New UCLA Research Reveals Why Sleeping is So Important – NBC Southern California

The study, released in the journal Science Advances, noted that the sharp shift in sleep function is “exceptional considered that this shift likely signals a profound shift in the function of sleep and the behavior of sleep procedures.”

The research study was co-authored by Junyu Cao, who conducted research in Savages lab and is now an assistant teacher at the University of Texas at Austin; Alexander Herman, an assistant professor of psychiatry at the University of Minnesota, Twin Cities; and Geoffrey West, a physicist who is the Shannan Distinguished Professor at the Santa Fe Institute.

A dramatic change in the purpose of sleep occurs when kids are about 2 1/2 years of ages– a time when sleeps primary function changes from brain-building to brain repair and maintenance, according to a study launched Friday by scientists at UCLA.

Poe noted that a persistent lack of sleep likely adds to long-lasting health issues such as dementia and other cognitive conditions, and advised people to go to bed when they begin to feel exhausted.

Researchers, who used information from more than 60 sleep studies including humans and other mammals, discovered that all types experienced a significant decrease in REM sleep when they reached the human developmental equivalent of about 2 1/2 years of age.

Babies spend about 50% of their bedtime in REM sleep, with that number being up to about 25% by the age of 10 and continuing to reduce with age.

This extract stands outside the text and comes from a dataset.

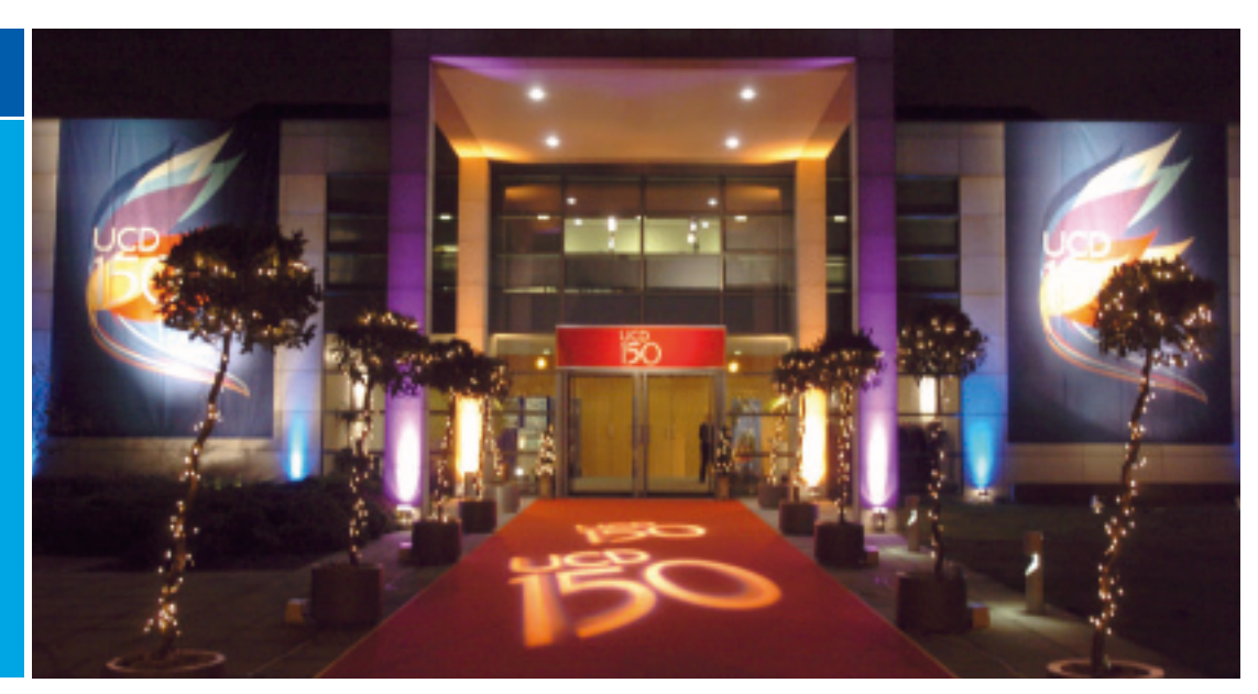
Entrance way to the UCD 150 Foundation Day Dinner held on 5 November '04

Grownups who are older than 50 invest about 15% of their time asleep in REM, according to scientists.

” Sleep is as crucial as food,” Poe stated. “And its amazing how well sleep matches the requirements of our nervous system. While we sleep, our brains are not resting.”

The transition at about age 2 1/2 represents changes in brain development, according to researchers, who state that sleep then assists fix a specific amount of neurological damage suffered during waking hours, and essentially declutter the brain.

” Sleep is as important as food,” Poe said. While we sleep, our brains are not resting.”

Almost all of the brain repair occurs throughout sleep, according to the studys senior author, Van Savage, a UCLA teacher of ecology and evolutionary biology and of computational medicine.

” I was shocked how huge a change this is over a short duration of time, which this switch happens when were so young,” Savage said. “Its a transition that is comparable to when water adheres ice.”

The National Science Foundation and the Eugene and Clare Thaw Charitable Trust helped to money the study.

” Dont wake children up throughout REM (quick eye movement) sleep. Important work is being done in their brains as they sleep,” stated Gina Poe, the senior research study author and a UCLA teacher of integrative biology and physiology who has conducted sleep research for more than three years.